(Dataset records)
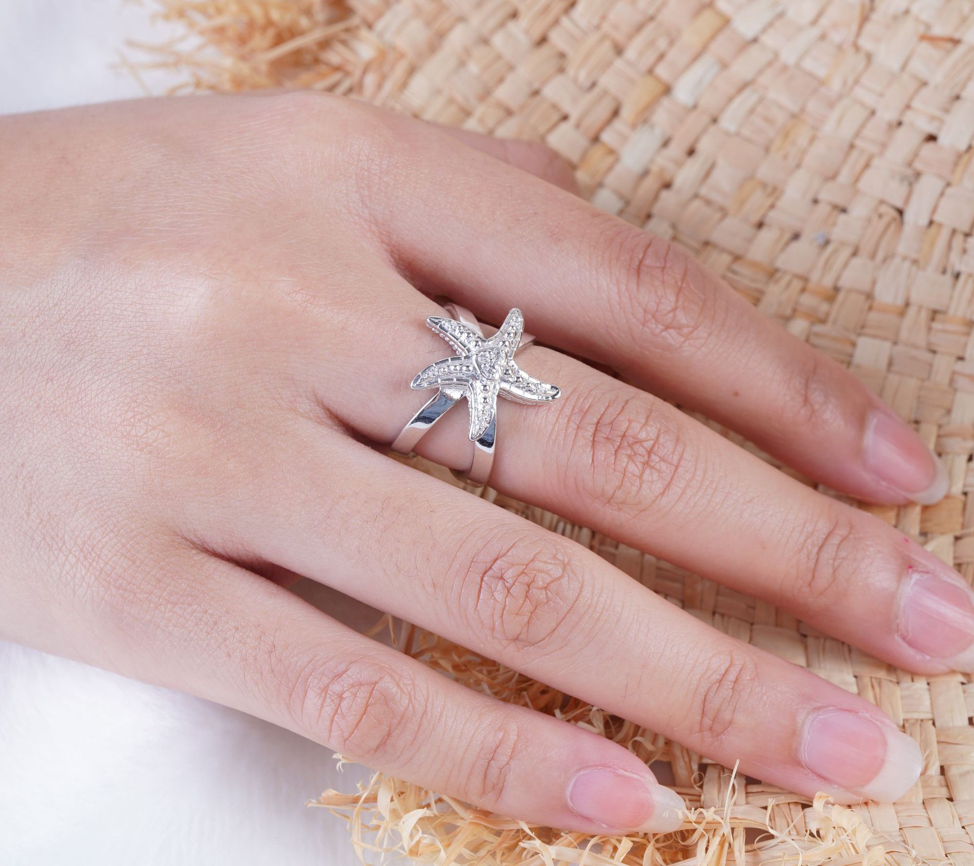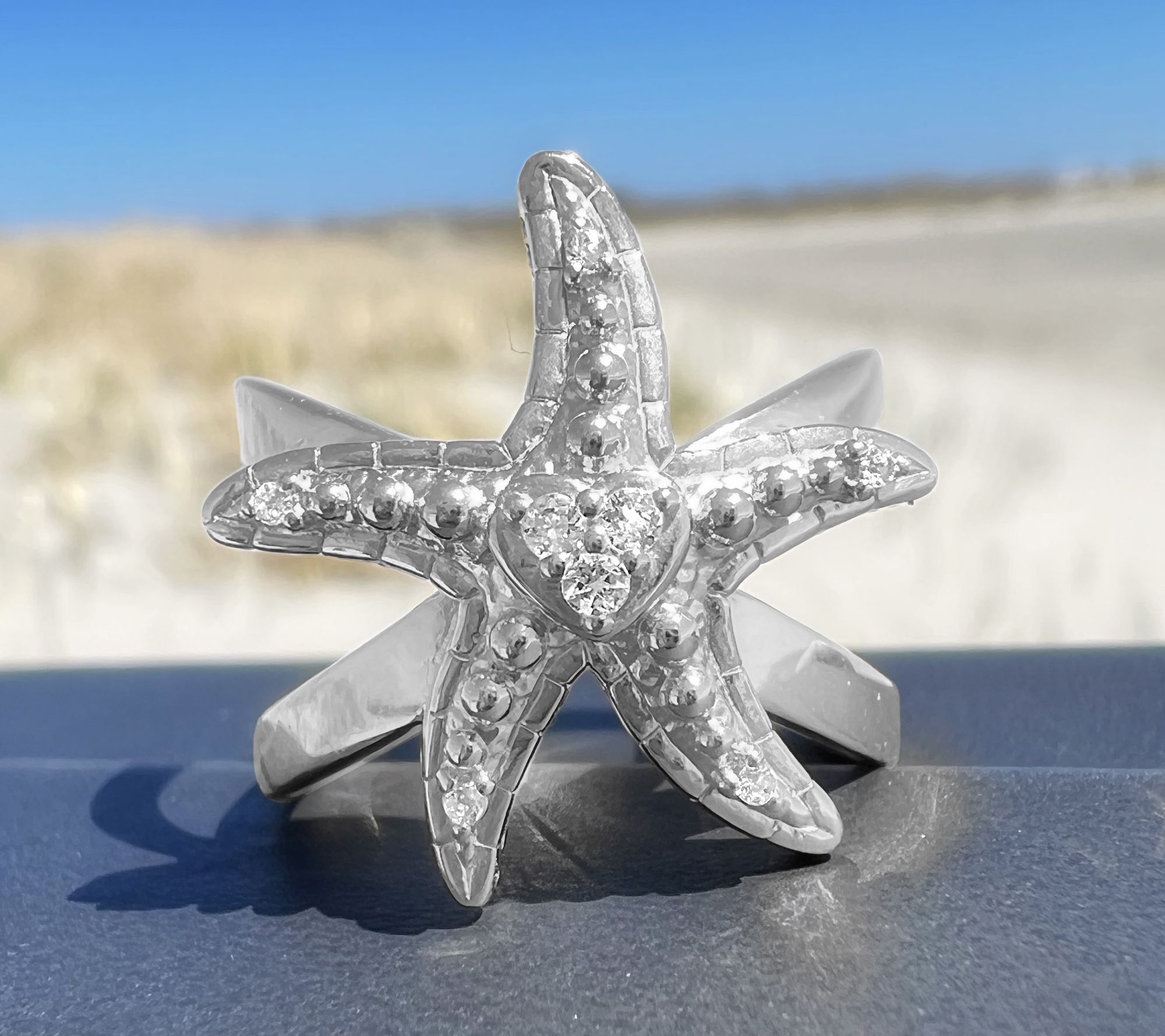 Starfish design accented with round, pave-set white topaz gemstones; heart-shaped motif in the center; split shank
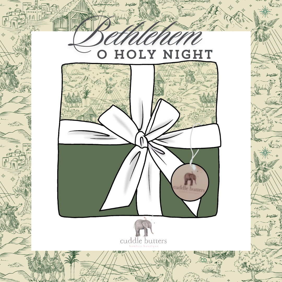 "Bethlehem" - Come celebrate the true meaning of Christmas with Cuddle Butters Bamboo Boutique and Pamela Jean Noble as we collaborate together to create the "O Holy Night Collection." This vintage classic "Toile De Jouy" inspired design is exclusive to our brand and was created to tell the story of the most holy night. 3 Wise Kings travel by camel bearing gifts for the Newborn King lying in the humble manger. Shepards are watching their flocks as Angels heard on high sing "Gloria!" with beams of heavenly light.
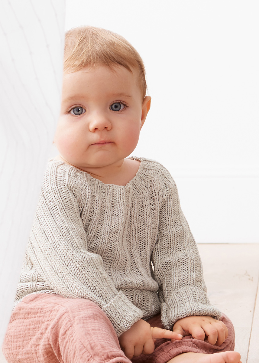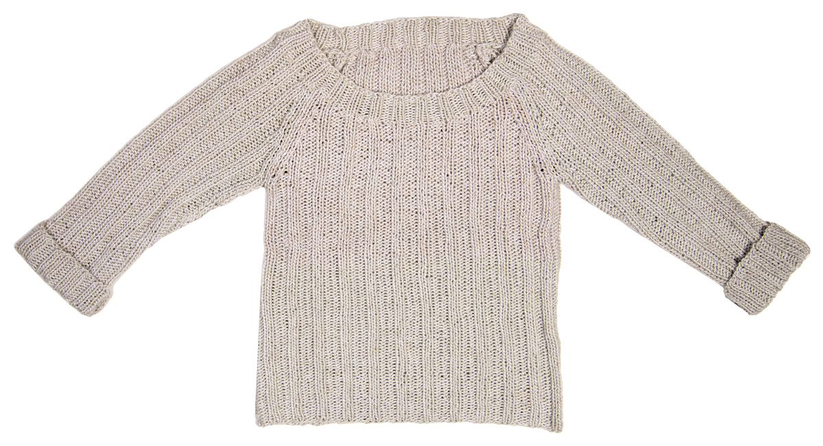 Lana Grossa Solo Lino (100 % Leinen, Lauflänge 120 m/50 g) 150 (200/250) g Grège (Fb 2); Stricknadeln Nr. 3,5, eine 40 cm lange Rundstricknadel Nr. 3,5.
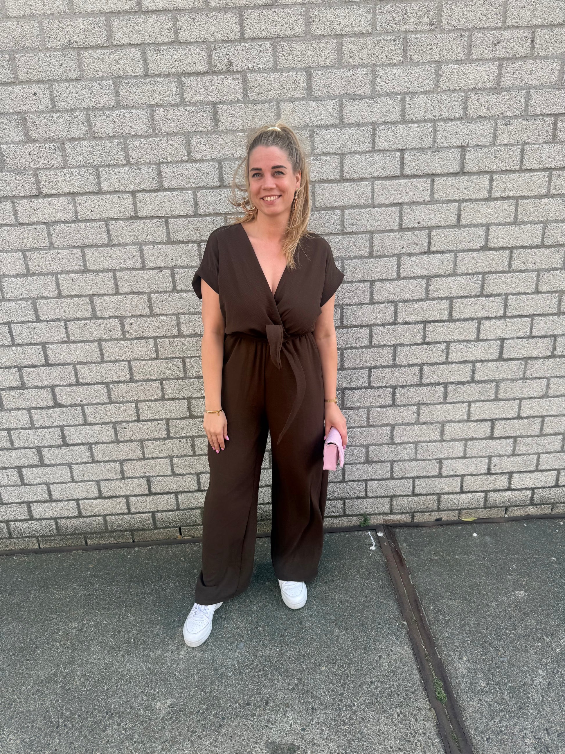 De bruine jumpsuit biedt veel voordelen voor de moderne vrouw. Met zijn subtiele tint en mooie lengte is dit hét luchtige pak dat je iedere dag wilt dragen. De vrouwelijke ceintuur in de taille zorgt voor
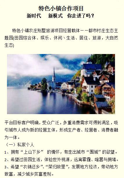 特色小镇合作项目——新时代 新模式 你走进了吗?
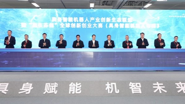 昨天(4月3日),苏州市具身智能机器人产业生态大会在狮山国际会议中心举行,具身智能机器人产业创新生态联盟暨“赢在苏州”全球创新创业大赛(具身智能机器人专赛)正式启动。工业和信息化部总工程师谢少锋,中国电子学会理事会党委书记张峰,市委副书记、市长吴庆文出席。
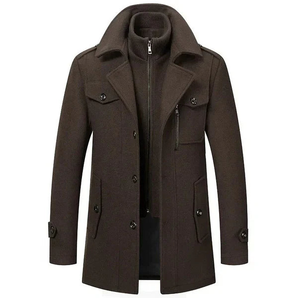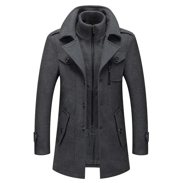 Gefertigt aus einer luxuriösen Wollmischung, bietet dieser Mantel eine hervorragende Wärmeisolierung, ohne Kompromisse beim Stil einzugehen. Der zweiteilige Aufbau sorgt für zusätzliche Vielseitigkeit und ermöglicht Ihnen, den Mantel nach Bedarf anzupassen.
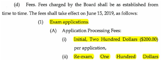 1. Initial Application fee由50美元调整为200美元;Re-exam Application Fee由50美元调整为100美元。
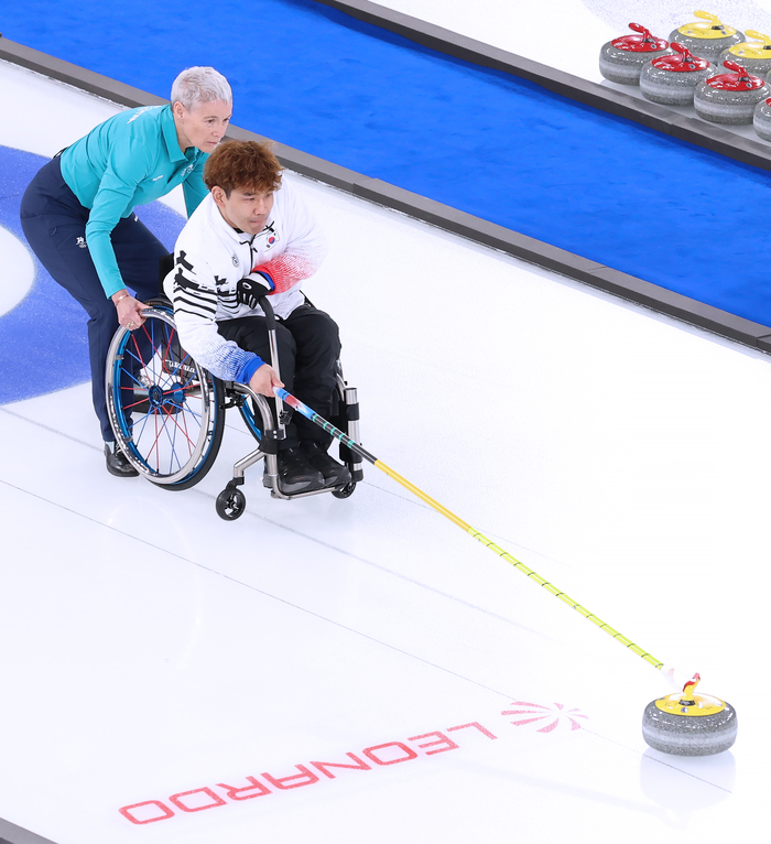 백혜진-이용석 조는 6일 오전 9시5분(현지시간) 이탈리아 코르티나 컬링 올림픽 스타디움에서 열린 2026 밀라노·코르티나 동계패럴림픽 휠체어 컬링 믹스더블 예선 4차전 중국 왕멍-양진차오 조와 경기에서 6-10으로 패했다.

WORK TO BE COMPLETED
Omit the pictures. Output every record above word for word.

RESPONSE BELOW
 Starfish design accented with round, pave-set white topaz gemstones; heart-shaped motif in the center; split shank
 "Bethlehem" - Come celebrate the true meaning of Christmas with Cuddle Butters Bamboo Boutique and Pamela Jean Noble as we collaborate together to create the "O Holy Night Collection." This vintage classic "Toile De Jouy" inspired design is exclusive to our brand and was created to tell the story of the most holy night. 3 Wise Kings travel by camel bearing gifts for the Newborn King lying in the humble manger. Shepards are watching their flocks as Angels heard on high sing "Gloria!" with beams of heavenly light.
 Lana Grossa Solo Lino (100 % Leinen, Lauflänge 120 m/50 g) 150 (200/250) g Grège (Fb 2); Stricknadeln Nr. 3,5, eine 40 cm lange Rundstricknadel Nr. 3,5.
 De bruine jumpsuit biedt veel voordelen voor de moderne vrouw. Met zijn subtiele tint en mooie lengte is dit hét luchtige pak dat je iedere dag wilt dragen. De vrouwelijke ceintuur in de taille zorgt voor
 特色小镇合作项目——新时代 新模式 你走进了吗?
 昨天(4月3日),苏州市具身智能机器人产业生态大会在狮山国际会议中心举行,具身智能机器人产业创新生态联盟暨“赢在苏州”全球创新创业大赛(具身智能机器人专赛)正式启动。工业和信息化部总工程师谢少锋,中国电子学会理事会党委书记张峰,市委副书记、市长吴庆文出席。
 Gefertigt aus einer luxuriösen Wollmischung, bietet dieser Mantel eine hervorragende Wärmeisolierung, ohne Kompromisse beim Stil einzugehen. Der zweiteilige Aufbau sorgt für zusätzliche Vielseitigkeit und ermöglicht Ihnen, den Mantel nach Bedarf anzupassen.
 1. Initial Application fee由50美元调整为200美元;Re-exam Application Fee由50美元调整为100美元。
 백혜진-이용석 조는 6일 오전 9시5분(현지시간) 이탈리아 코르티나 컬링 올림픽 스타디움에서 열린 2026 밀라노·코르티나 동계패럴림픽 휠체어 컬링 믹스더블 예선 4차전 중국 왕멍-양진차오 조와 경기에서 6-10으로 패했다.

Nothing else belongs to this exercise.